**Records drawn from a dataset**
>>

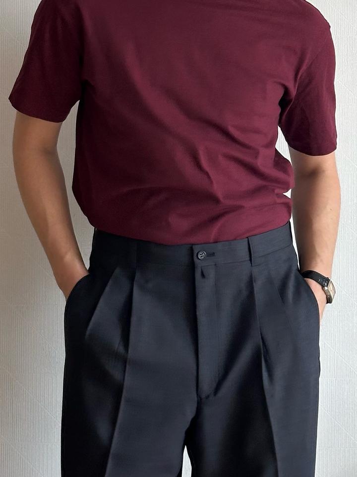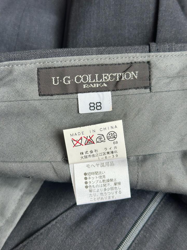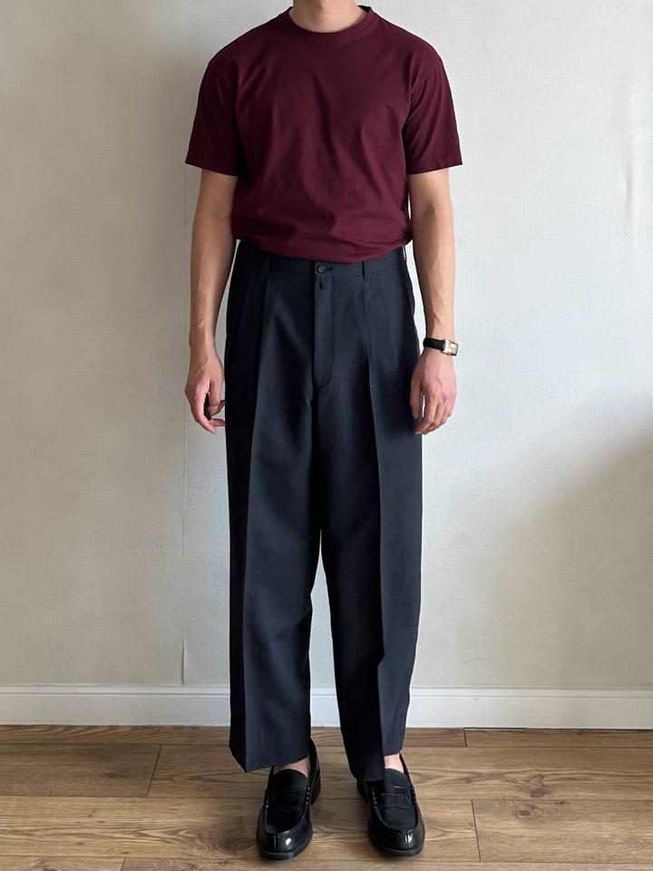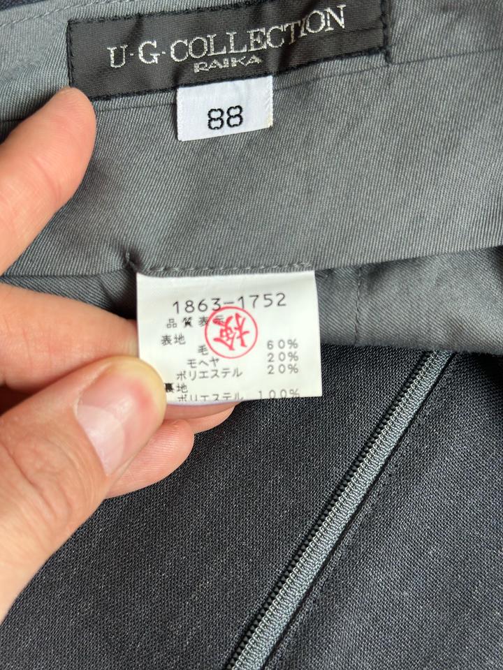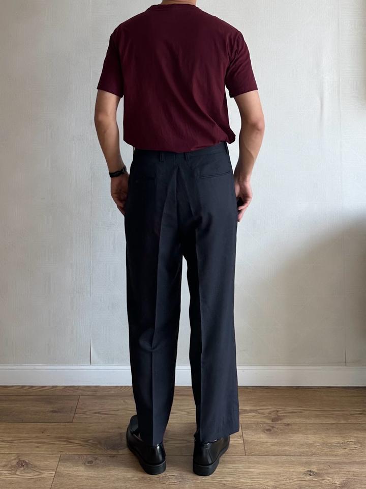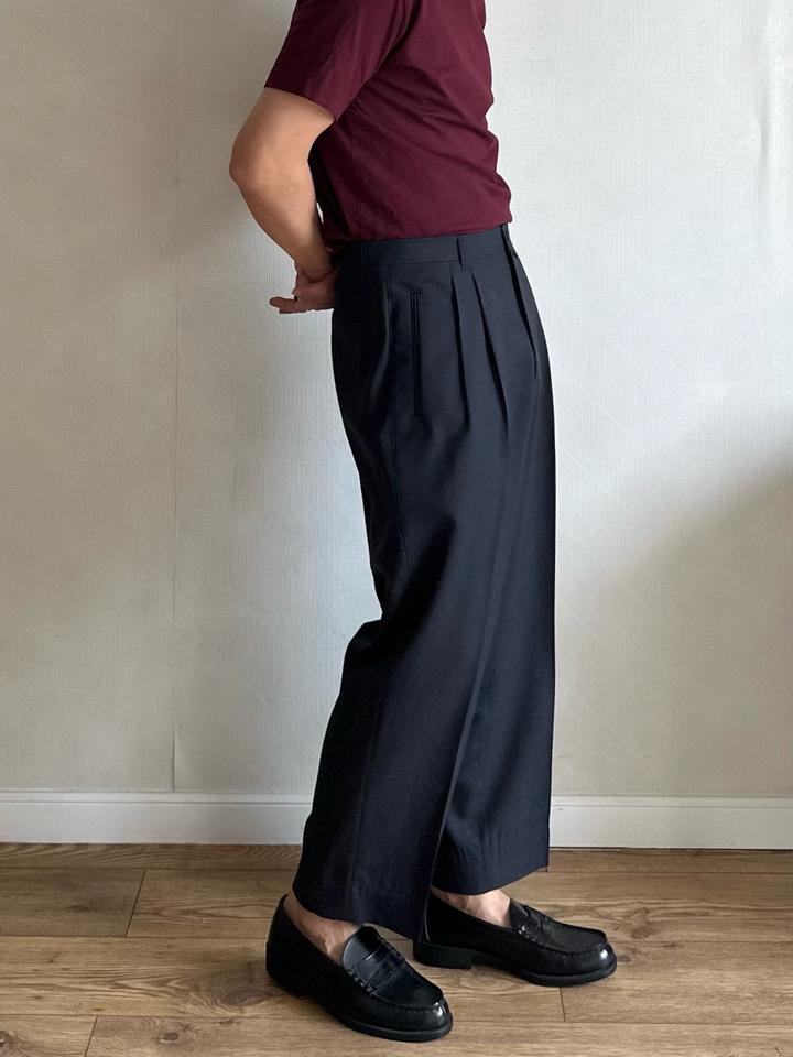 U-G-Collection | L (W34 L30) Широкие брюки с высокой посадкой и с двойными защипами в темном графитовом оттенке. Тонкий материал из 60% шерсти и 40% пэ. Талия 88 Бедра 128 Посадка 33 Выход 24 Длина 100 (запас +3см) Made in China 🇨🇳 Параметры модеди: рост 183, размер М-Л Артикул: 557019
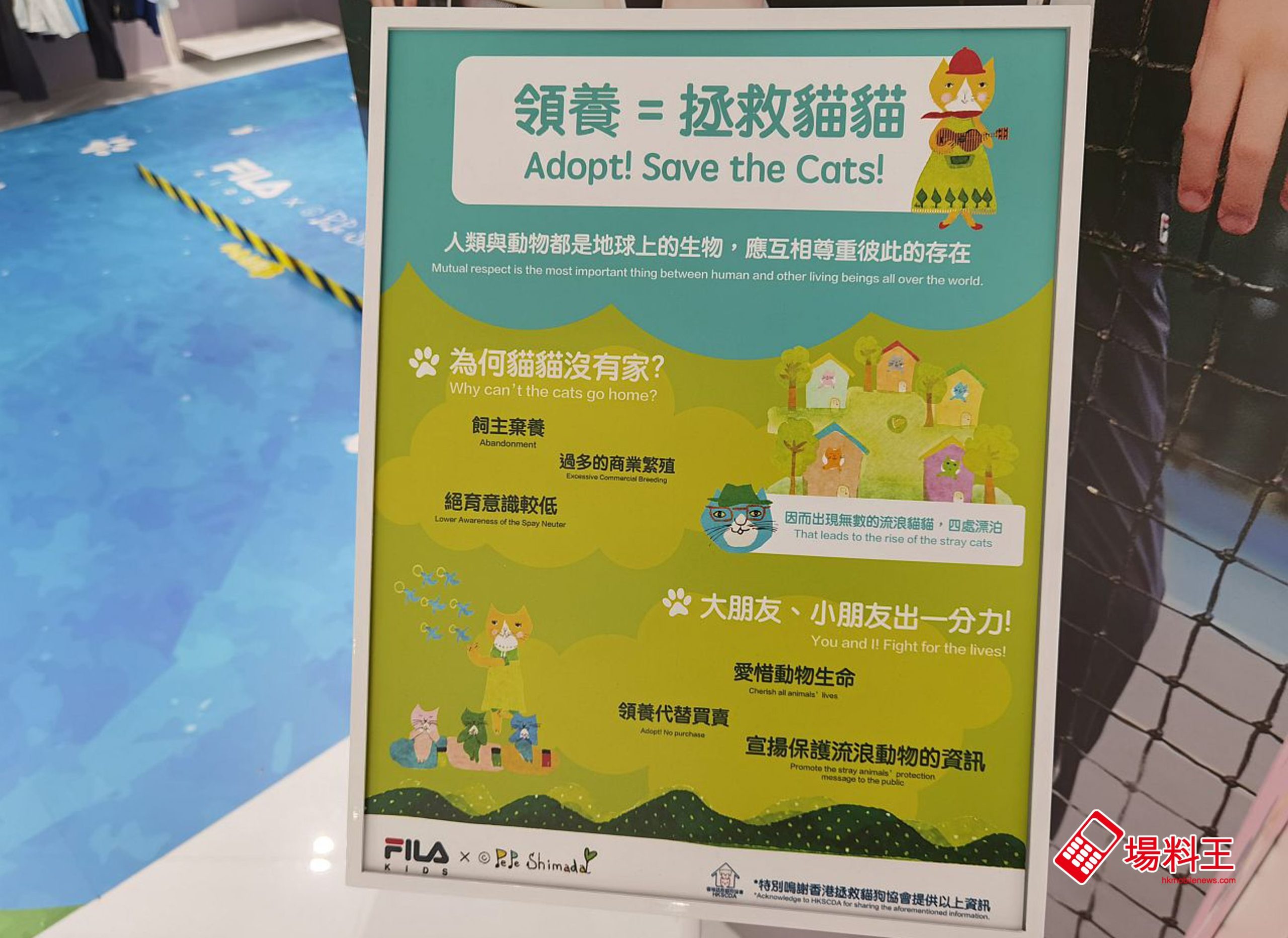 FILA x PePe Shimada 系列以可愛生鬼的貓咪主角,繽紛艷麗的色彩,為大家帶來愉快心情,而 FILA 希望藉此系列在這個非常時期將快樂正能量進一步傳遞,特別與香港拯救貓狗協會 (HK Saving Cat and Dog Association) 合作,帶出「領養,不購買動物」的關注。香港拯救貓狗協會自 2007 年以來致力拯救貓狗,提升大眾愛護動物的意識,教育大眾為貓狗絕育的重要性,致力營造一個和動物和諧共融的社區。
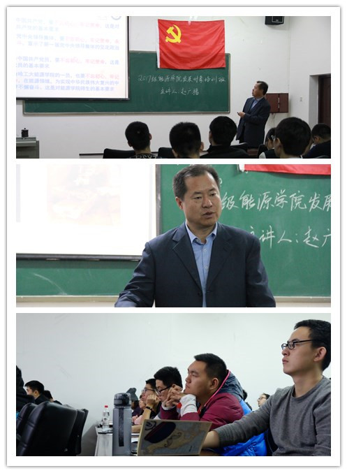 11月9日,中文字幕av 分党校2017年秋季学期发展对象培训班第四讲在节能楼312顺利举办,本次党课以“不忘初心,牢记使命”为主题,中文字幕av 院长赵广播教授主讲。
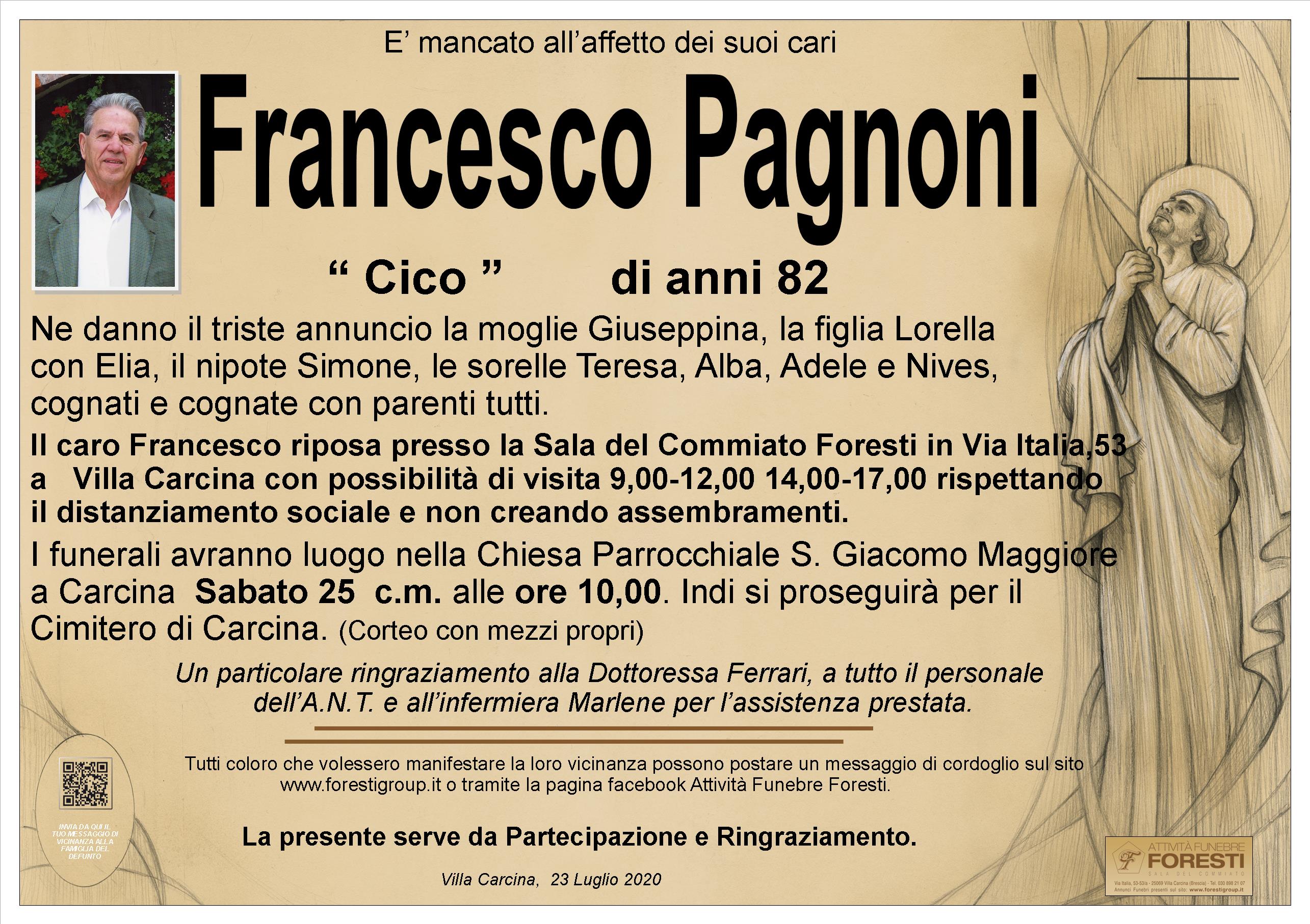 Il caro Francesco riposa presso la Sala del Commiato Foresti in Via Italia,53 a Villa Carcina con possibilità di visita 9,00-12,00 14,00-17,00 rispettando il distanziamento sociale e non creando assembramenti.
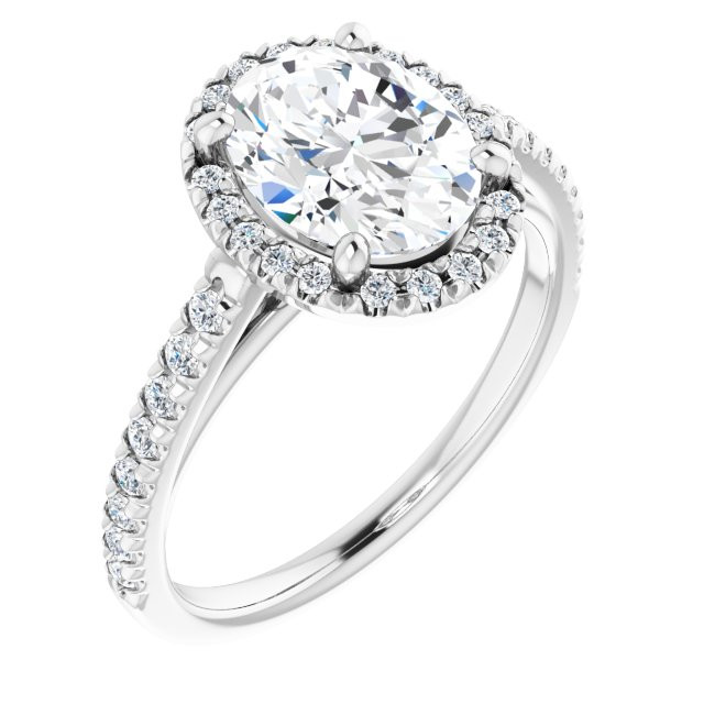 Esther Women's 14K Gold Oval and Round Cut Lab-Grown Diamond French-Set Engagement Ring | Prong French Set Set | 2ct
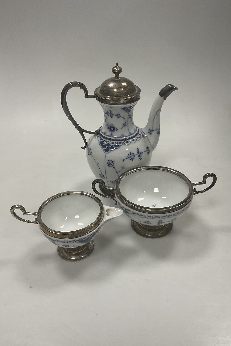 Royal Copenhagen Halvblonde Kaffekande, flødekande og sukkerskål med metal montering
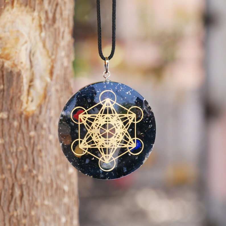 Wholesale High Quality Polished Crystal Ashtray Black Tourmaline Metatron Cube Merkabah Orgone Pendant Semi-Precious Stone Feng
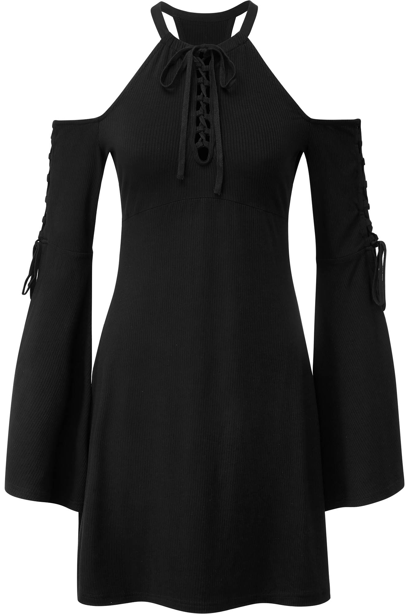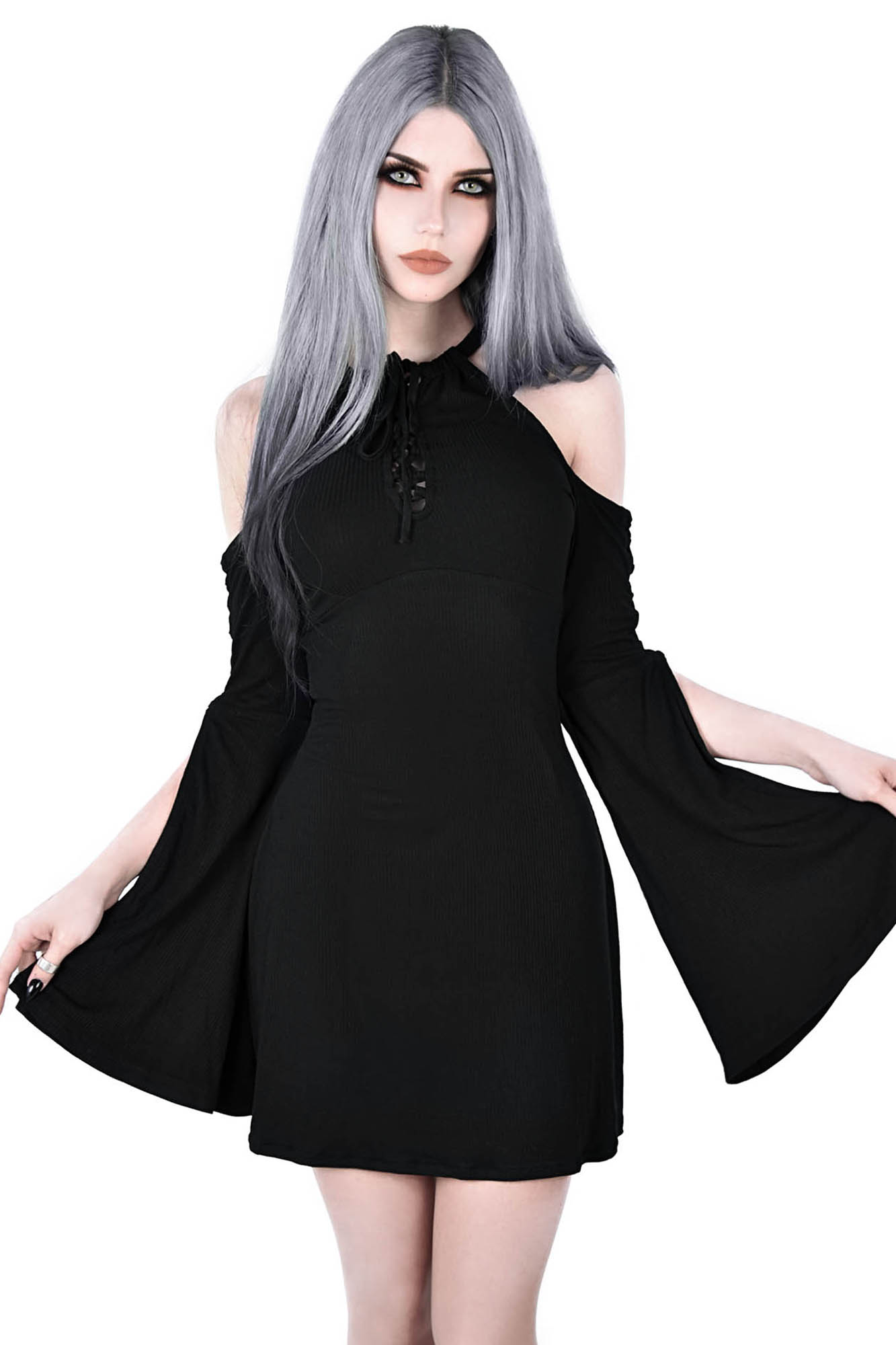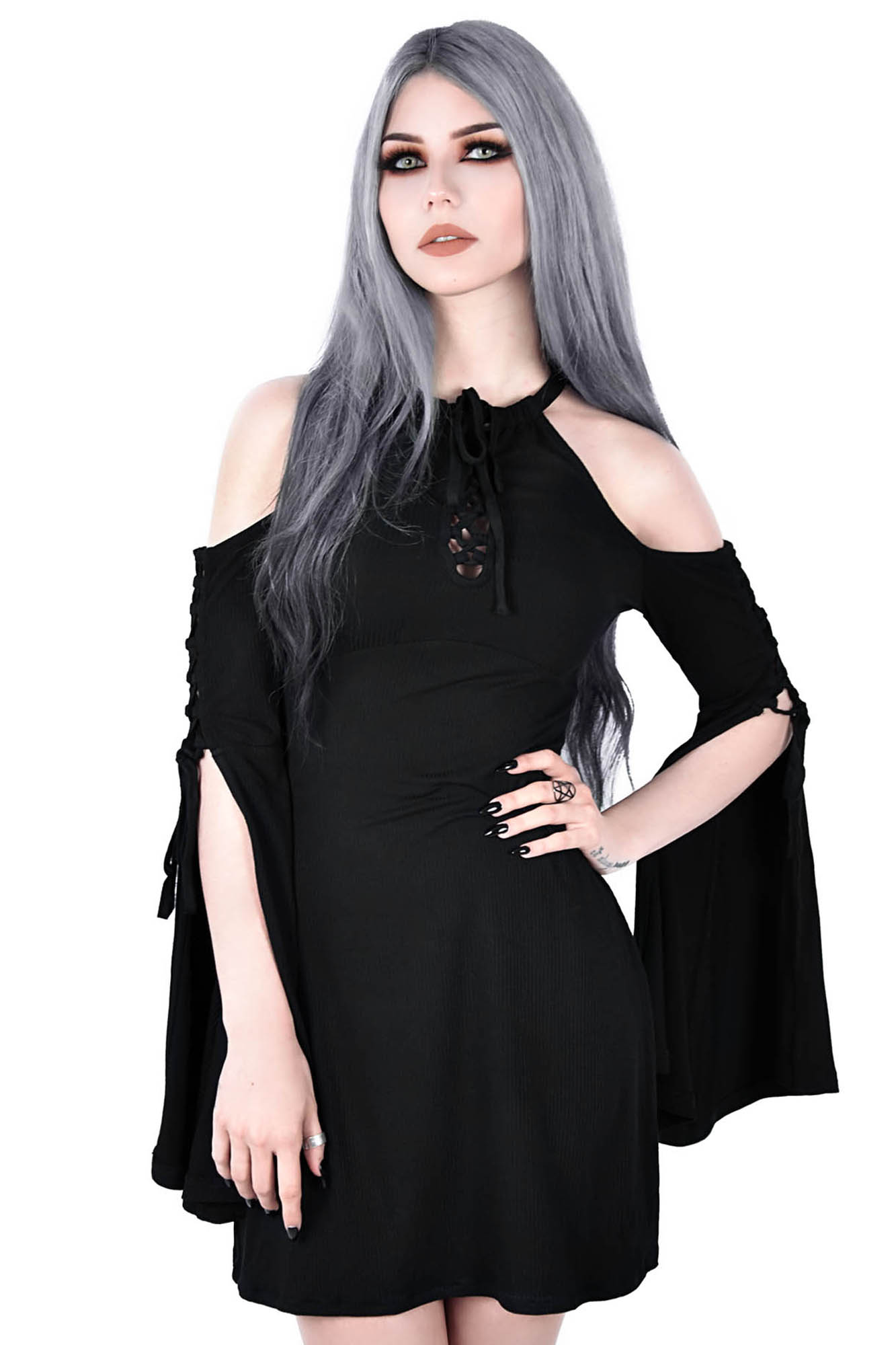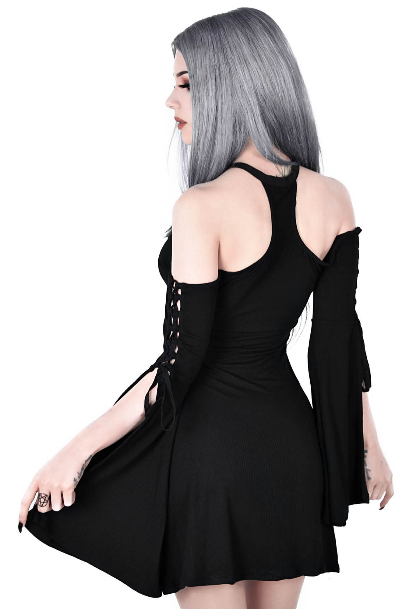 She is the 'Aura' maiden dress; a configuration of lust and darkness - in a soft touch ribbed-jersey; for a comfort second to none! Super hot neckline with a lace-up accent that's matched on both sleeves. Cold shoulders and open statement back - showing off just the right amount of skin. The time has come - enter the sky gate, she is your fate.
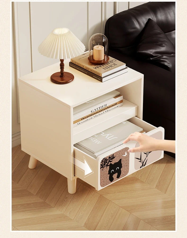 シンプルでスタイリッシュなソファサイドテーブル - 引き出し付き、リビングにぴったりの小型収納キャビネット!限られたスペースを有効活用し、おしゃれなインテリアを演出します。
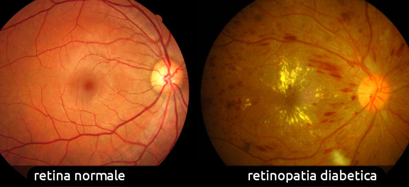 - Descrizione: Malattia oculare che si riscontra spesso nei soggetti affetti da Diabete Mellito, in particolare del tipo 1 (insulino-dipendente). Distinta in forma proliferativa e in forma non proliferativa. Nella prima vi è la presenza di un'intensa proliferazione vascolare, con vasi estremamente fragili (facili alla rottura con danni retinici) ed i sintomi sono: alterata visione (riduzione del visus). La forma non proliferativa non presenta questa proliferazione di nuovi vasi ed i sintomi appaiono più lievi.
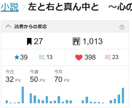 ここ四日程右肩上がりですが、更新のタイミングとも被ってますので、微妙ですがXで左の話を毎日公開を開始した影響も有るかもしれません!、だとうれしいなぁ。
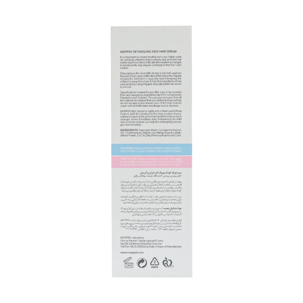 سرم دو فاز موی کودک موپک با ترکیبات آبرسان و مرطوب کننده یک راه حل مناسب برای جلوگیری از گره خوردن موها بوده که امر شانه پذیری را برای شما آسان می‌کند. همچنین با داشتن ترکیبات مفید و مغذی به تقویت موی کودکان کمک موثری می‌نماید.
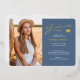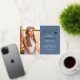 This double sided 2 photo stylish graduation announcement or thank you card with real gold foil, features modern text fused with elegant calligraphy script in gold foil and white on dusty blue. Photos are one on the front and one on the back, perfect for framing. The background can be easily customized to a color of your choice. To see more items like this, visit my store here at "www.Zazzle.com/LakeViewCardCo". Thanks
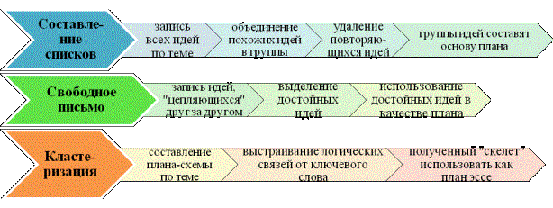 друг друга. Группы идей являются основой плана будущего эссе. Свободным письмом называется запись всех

<<

**Exercise**
From the records above, quote word for word only the lines beginning at the line that has "Il caro Francesco" and stopping after the line that has "She is the 'Aura'". Omit the pictures.

**Completed exercise**
 Il caro Francesco riposa presso la Sala del Commiato Foresti in Via Italia,53 a Villa Carcina con possibilità di visita 9,00-12,00 14,00-17,00 rispettando il distanziamento sociale e non creando assembramenti.
 Esther Women's 14K Gold Oval and Round Cut Lab-Grown Diamond French-Set Engagement Ring | Prong French Set Set | 2ct
 Royal Copenhagen Halvblonde Kaffekande, flødekande og sukkerskål med metal montering
 Wholesale High Quality Polished Crystal Ashtray Black Tourmaline Metatron Cube Merkabah Orgone Pendant Semi-Precious Stone Feng
 She is the 'Aura' maiden dress; a configuration of lust and darkness - in a soft touch ribbed-jersey; for a comfort second to none! Super hot neckline with a lace-up accent that's matched on both sleeves. Cold shoulders and open statement back - showing off just the right amount of skin. The time has come - enter the sky gate, she is your fate.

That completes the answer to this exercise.